27 julho 2003

A poesia de agora e o senhor Jorge Reis-Sá

Jorge Reis-Sá assina no Mil Folhas um texto sobre "A Poesia de Agora" que, a crer na nota introdutória da redacção parece ser um episódio de um debate cujos termos anteriores me escaparam. O ponto de vista principal é de que, na poesia que se revelou nos anos 90, existem dois caminhos ( a que ele chama também gerações).

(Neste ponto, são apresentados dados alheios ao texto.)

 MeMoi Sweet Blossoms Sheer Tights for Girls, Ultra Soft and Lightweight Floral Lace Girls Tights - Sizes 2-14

Um teria como figuras de proa Manuel de Freitas e Pedro Mexia e integraria poetas como Carlos Luís Bessa, José Miguel Silva, Ana Paula Inácio e Rui Pires Cabral. Responderia ao apelo de Joaquim Manuel Magalhães de regresso ao real e praticaria "um franciscanismo(...) de urinóis, shoppings e telemóveis..." Teria granjeado fama (subentende-se não totalmente merecida?) através do exercício paralelo da crítica literária por alguns dos seus elementos proeminentes. Outro grupo, mais discreto, englobaria valter hugo mãe, Melícias, Vasco Gato, Pedro Sena-Lino e praticaria uma "poesia imagética devedora de Herberto Helder, Cesariny e Luís Miguel Nava". Este grupo teria compreendido que o regresso ao real foi chão que deu uvas e teria voltado "ao sublime".
De fora ficam outros nomes, presume-se que mais ligados a esta "simplicidade" que "sente que o real já foi visto, sentido e revisto."E que não vou citar porque entre eles está um dos meus poetas favoritos.

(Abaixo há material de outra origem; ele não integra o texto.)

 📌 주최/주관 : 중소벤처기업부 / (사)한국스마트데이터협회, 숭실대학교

Só queria dizer, aqui da cela, algumas coisas simples.
De Ana Paula Inácio já disse o que sentia. Sublime resposta aquele silencio bartlebyano a uma antologia que lhe pedia um texto inédito (se alguém souber onde, em que ilha dos Açores, está Ana Paula, A Natureza do Mal rejubilaria).
Pedro Mexia, o de Eliot- não estou a falar do Dicionário do Diabo, é um poeta da cidade quando fica deserta, da atenção às pequenas coisas que se passam aqui mesmo ao nosso lado, da alegria incompreensível das namoradas. Como Manuel de Freitas ele escreveu uma geografia fascinante de Lisboa. Cafés, tabernas, shoppings que se adivinham suburbanos, praças ao fim do dia. Freitas é aparentemente mais brutal, com as referências ao alcoól e a um comércio sexual aparentemente destituído de ternura . Mas enternece-se com o taberneiro ou a mulher de detrás do balcão, o sorriso desdentado de uma mulher que varre o passeio. São, cada um à sua maneira, dois grandes poetas deste tempo. Que leram Ruy Belo concerteza. E Cesário, Herberto Helder, Cesariny, sim. E que felizmente não cabem numa definição tão simplista.

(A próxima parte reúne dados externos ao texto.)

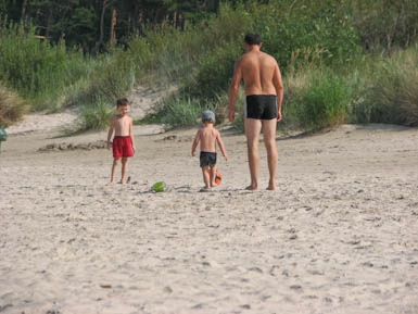 Jei jie jau prisikasė smėlyje, prisižaidė su smėliu ir priiiisimaudė, tai dar lieka kitų smagumų, pvz., smėlio futbolas ar tinklinis. Mačiau, kaip vienas tėvelis pasidarė iš šakaliukų dvejus vartus ir su berniuku varinėjosi kamuolį. Buvo gražu žiūrėti, kaip jis žaismingai žaidžia: ne stengiasi vaiką aplošti, nugalėti, bet tartum kartu, tartum lygiaverčiai žaidėjai spardo kamuolį. Vyras truputį sulėtina greitį, kad berniukui atrodytų, jog jis vikresnis ir geriau už tėtį moka žaisti:).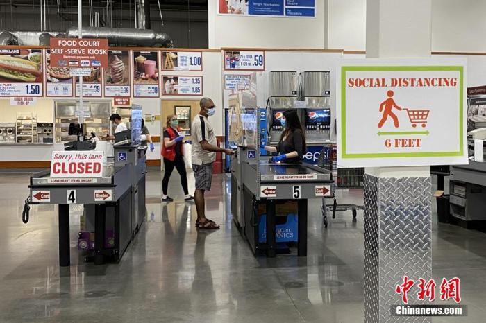 当地时间4月18日,美国休斯敦民众在当地一大型批发超市结账。收银处安装了透明挡板。超市内贴有许多呼吁人们保持6英尺社交距离的提示牌。中新社记者 曾静宁 摄

Pôr poetas contra poetas, em torneio, parece-me feio.
O texto de Jorge Reis-Sá é mal escrito, redutor, inexacto, injusto. A poesia de agora merece outra coisa.

Hoje de tarde, por coincidência, tinha por companhia o livro de Manuel de Freitas editado pela Frenesi e intitulado Infernos Artificiais. 300 exemplares! Quantos leitores? Chamar a esta "geração" festejada", reconhecida na praça" parece-me uma maldade.
Por mim faço votos para que o Manuel de Freitas (agora editado pela mais respeitável Assírio) não abandone o seu lado maldito, não troque a taberna pelo Lux e tenha sempre à disposição aquele deus sublime, que pode ser o autoclismo com a sagrada louça sanitária.